• ポイント還元額は1日平均12億円強、中小店舗の約4割が制度登録
  • IMFも追加財政政策として増税影響緩和の臨時措置延長を提言

消費増税対策として10月に導入したキャッシュレス決済のポイント還元制度の利用が当初の想定を上回るペースで拡大している。政府が経済対策で制度拡充に向けた追加予算措置に踏み切れば、キャッシュレス決済普及にさらに弾みがつく可能性がある。

経産省によると、中小店舗への同決済導入を支援する同制度開始から2カ月経過した12月1日時点でポイント還元事業への登録加盟店数は86万店に達する見込み。登録完了を待っている事業者を含めると、同制度対象となる中小の製造、卸・小売り、サービス業の200万店の約4割超となる。

PayPal Demonstrates Shopping Service Using Smartphones At A Nescafe Store
携帯でキャシュレス決済する消費者Photographer: Kiyoshi Ota/Bloomberg

政府はキャッシュレス普及促進と10月の8%から10%への消費増税に合わせた需要の反動減対策の一挙両得を狙って、中小店舗でのキャッシュレス決済に対し、2-5%を還元する制度を導入。決済手数料や端末への補助も含め今年度2798億円の予算措置を講じた。諸外国に比べて低いキャッシュレス比率を25年に40%、将来的に80%に高めることを目標にしている。

コンビニ大手では、制度開始以降キャシュレス決済の比率が高まった。セブンイレブンでは8月の35%から10月に42%に、ファミリーマートでは9月の20%から直近は25%に、ローソンは9月の20%から10月の26%にそれぞれ上昇した。

野村証券の美和卓チーフエコノミストは、「当初、中小店舗にキャッシュレス決済の普及が進んでいないと言われていたのが、土壇場でどどっと広まってきて、10月に始まってみると関心も高まっている状況が確認されている」と語った。

ポイント還元、予算上回る可能性

経済産業省の津脇慈子キャッシュレス推進室長によると、11月4日までのポイント還元額は1日平均12億円強、決済対象金額は同310億円。これを前提に単純計算すると年度内にポイント還元額は2000億円を上回り、決済手数料や端末の補助も含めると年度予算を上回る可能性もある。津脇室長は、予算内に収まるか精査しており、仮に不足する場合には、財政当局に予算積み増しを求める意向を示した。

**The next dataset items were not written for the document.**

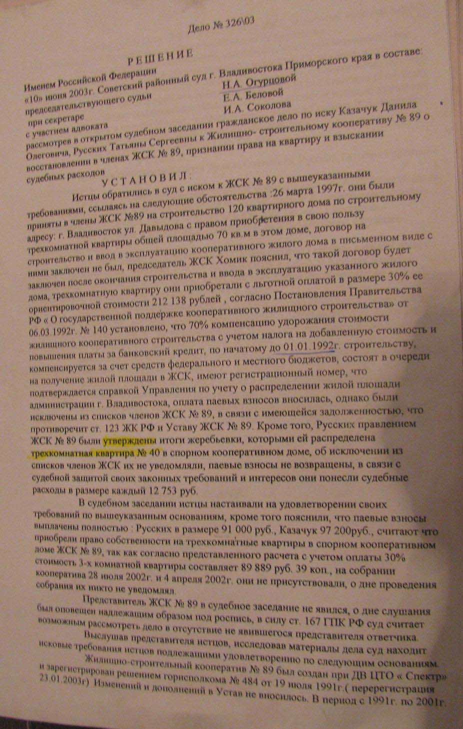 Эту ошибку она исправила, 10 июня 2003 года, вынеся решение о восстановлении Русских и Казачука в членстве исключительно на основании их устного заявления о полной оплате ими пая трехкомнатных квартир.
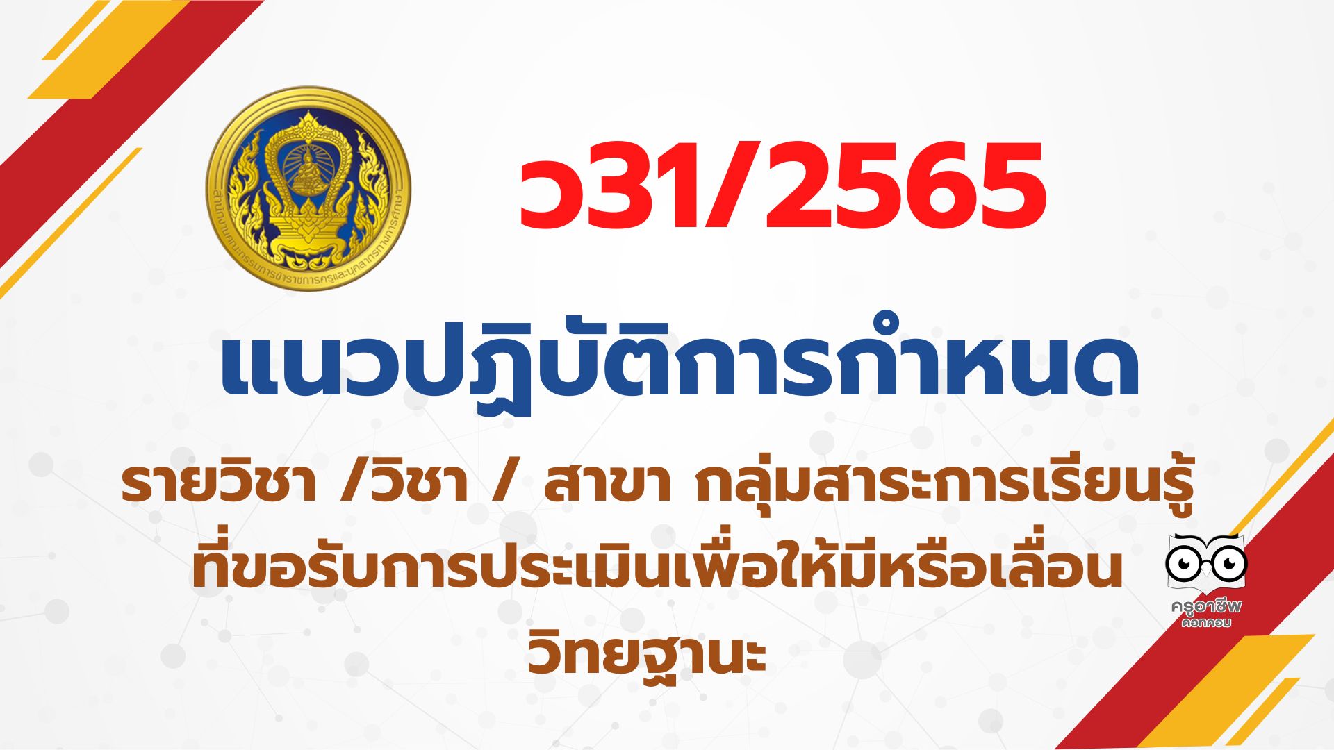 ว31/2565 แนวปฏิบัติการกำหนดรายวิชา วิชา สาขา กลุ่มสาระการเรียนรู้ ที่ขอรับการประเมินเพื่อให้มีหรือเลื่อนวิทยฐานะ
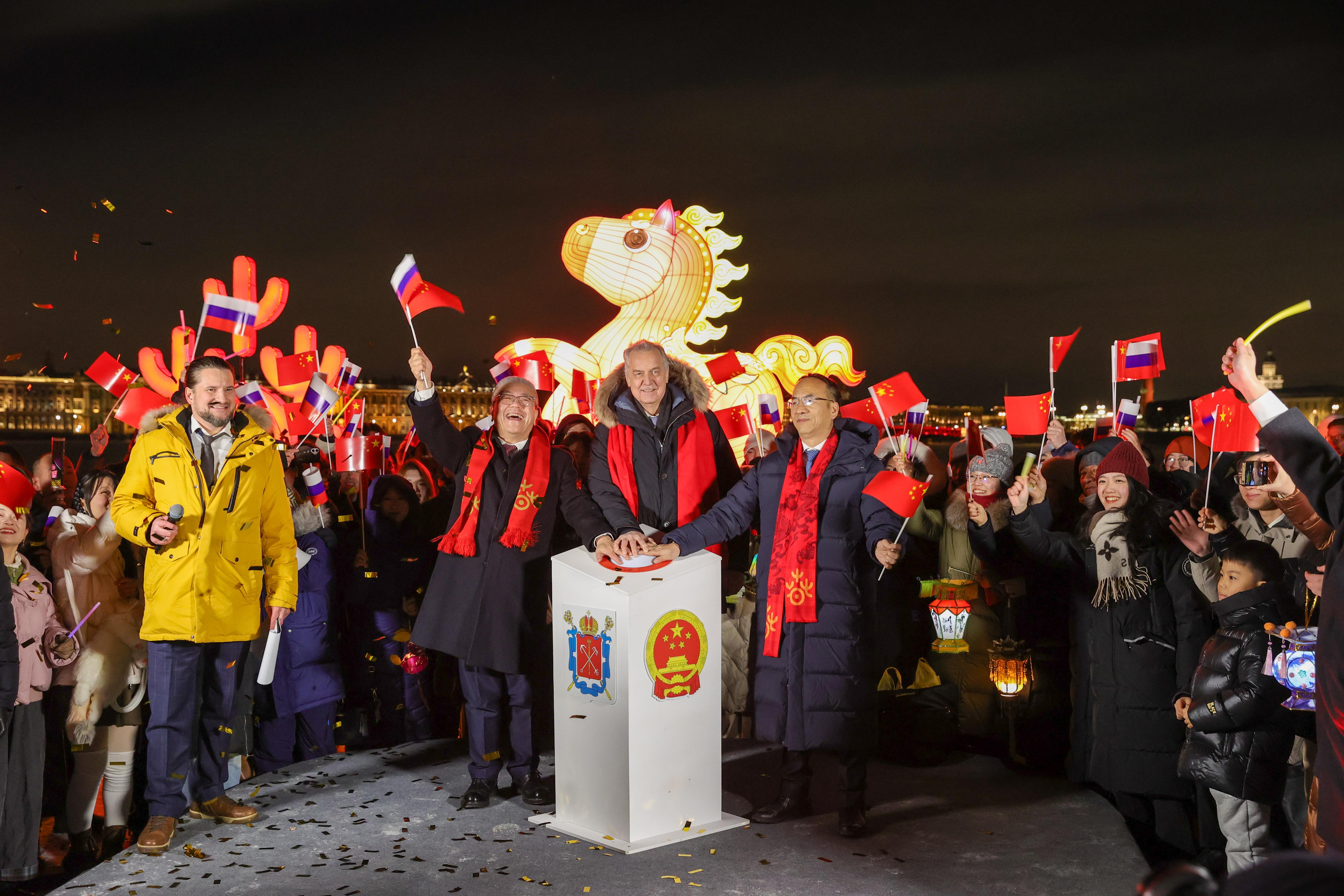 «Наша делегация очень счастлива посетить Санкт-Петербург в канун китайского Нового года. Мы привезли на берега Невы часть нашей культуры – фонари от мастеров из города Цзыгун, потому что хотим, чтобы Санкт-Петербург стал еще более красивым. Жители провинции Сычуань передают наилучшие пожелания петербуржцам. Пусть свет от наших фонарей озарит мосты, которые соединяют наши братские сердца, пусть Петербург станет теплее и ближе», – сказал заместитель руководителя Канцелярии иностранных дел провинции Сычуань Пан Гуанлуна на торжественной церемонии зажигания праздничной иллюминации.

安倍晋三首相は今月、国内景気を下支えする経済対策の策定を指示、自民党の二階俊博幹事長は10兆円規模の補正予算が必要との見解を示した。政府は来年6月に終了するポイント還元制度に代わり、来年9月にもマイナンバーカード保有者に対してキャッシュレス決済を用いたポイント還元制度の導入も検討している。国際通貨基金(IMF)は短期的な経済対策を容認する姿勢を示すとともに、追加的財政政策として消費増税対策の延長などを挙げた。

国難のブレイクスルー

日本で主に使われてきたキャッシュレス決済手段はクレジットカードだったが、電子マネーやQRコードも含め1000を超える決済事業者が同制度に登録されており、キャッシュレス決済手段の多様化も見込まれる。QR決済利用動向を調べるMMD研究所の調べによると、普段の支払いは現金が89.7%、クレジットカードは74.8%、交通系電子マネーは34.5%、QRコード決済は22.5%。

新たに台頭しているQR決済事業者の大手、ソフトバンクやヤフーなどの共同出資するPayPayは、同社は昨年10月のサービス開始から1年余りで登録数は2000万人に達した。

日本総研の岩崎薫里上席主任研究員は、「人間の習慣を変えるのはすごく難しく、それを変えるためのインセンティブの一つとして今回の取り組みは重要」と指摘。その上で「少子高齢化とか財政難とか抱える中で一つのブレークスルーがデジタル化の進展だ」とし、キャッシュレス進展は「経済活動の効率化を高め、人手不足に直面する企業の生産性向上に寄与する効果がある」との見方を示した。